Exercise materials =>
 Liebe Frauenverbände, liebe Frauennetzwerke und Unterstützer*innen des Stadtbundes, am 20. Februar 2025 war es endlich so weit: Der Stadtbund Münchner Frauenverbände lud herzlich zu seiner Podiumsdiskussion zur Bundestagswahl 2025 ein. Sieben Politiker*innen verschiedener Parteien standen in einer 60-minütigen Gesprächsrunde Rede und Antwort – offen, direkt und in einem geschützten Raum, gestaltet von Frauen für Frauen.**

* * *

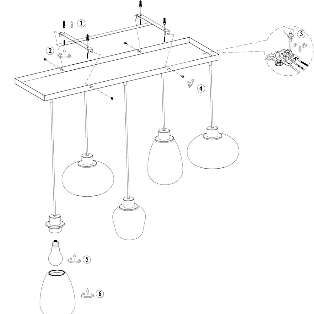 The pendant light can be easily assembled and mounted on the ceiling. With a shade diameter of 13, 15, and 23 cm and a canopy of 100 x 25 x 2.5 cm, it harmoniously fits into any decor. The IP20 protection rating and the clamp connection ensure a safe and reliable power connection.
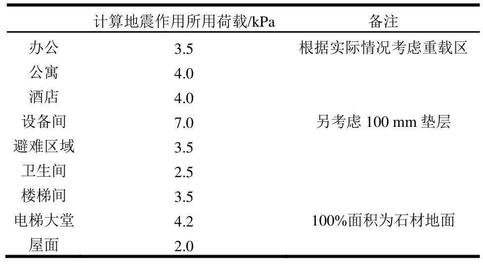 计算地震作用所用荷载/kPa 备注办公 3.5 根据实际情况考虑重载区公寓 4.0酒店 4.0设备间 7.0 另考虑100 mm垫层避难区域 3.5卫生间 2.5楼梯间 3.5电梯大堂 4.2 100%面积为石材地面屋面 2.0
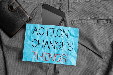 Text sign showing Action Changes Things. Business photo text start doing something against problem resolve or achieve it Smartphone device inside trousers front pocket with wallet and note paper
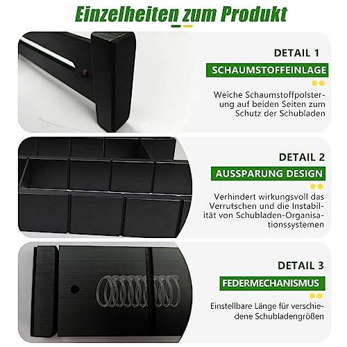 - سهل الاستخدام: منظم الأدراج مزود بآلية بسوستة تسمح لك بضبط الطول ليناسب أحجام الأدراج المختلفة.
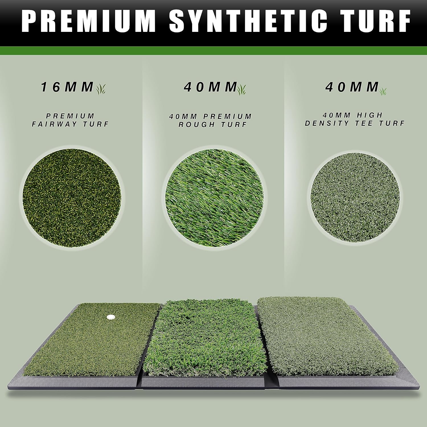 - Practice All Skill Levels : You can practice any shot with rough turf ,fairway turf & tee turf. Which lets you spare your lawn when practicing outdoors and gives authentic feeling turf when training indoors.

==

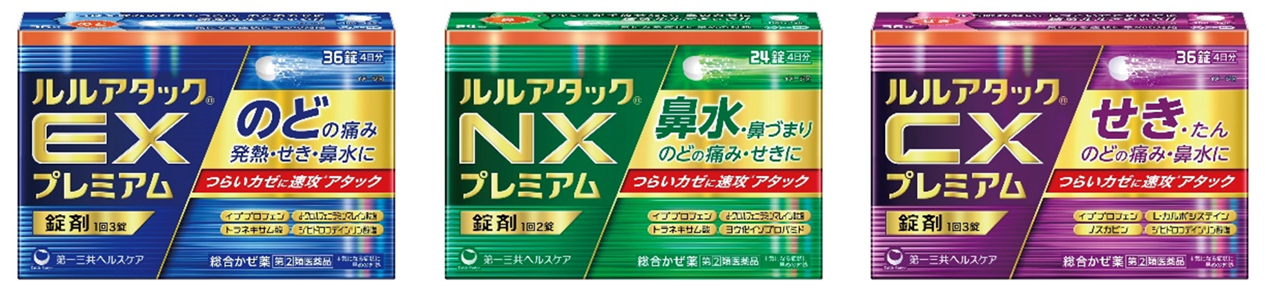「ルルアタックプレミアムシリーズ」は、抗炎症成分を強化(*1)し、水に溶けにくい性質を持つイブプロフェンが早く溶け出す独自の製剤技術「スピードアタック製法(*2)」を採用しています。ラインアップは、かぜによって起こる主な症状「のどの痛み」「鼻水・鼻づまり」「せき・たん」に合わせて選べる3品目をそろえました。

Task description => Output exactly those lines of the data above that run from the line with "The pendant light" up to and including the line with "- Practice All". No pictures go in.

Expected answer =>
 The pendant light can be easily assembled and mounted on the ceiling. With a shade diameter of 13, 15, and 23 cm and a canopy of 100 x 25 x 2.5 cm, it harmoniously fits into any decor. The IP20 protection rating and the clamp connection ensure a safe and reliable power connection.
 计算地震作用所用荷载/kPa 备注办公 3.5 根据实际情况考虑重载区公寓 4.0酒店 4.0设备间 7.0 另考虑100 mm垫层避难区域 3.5卫生间 2.5楼梯间 3.5电梯大堂 4.2 100%面积为石材地面屋面 2.0
 Text sign showing Action Changes Things. Business photo text start doing something against problem resolve or achieve it Smartphone device inside trousers front pocket with wallet and note paper
 - سهل الاستخدام: منظم الأدراج مزود بآلية بسوستة تسمح لك بضبط الطول ليناسب أحجام الأدراج المختلفة.
 - Practice All Skill Levels : You can practice any shot with rough turf ,fairway turf & tee turf. Which lets you spare your lawn when practicing outdoors and gives authentic feeling turf when training indoors.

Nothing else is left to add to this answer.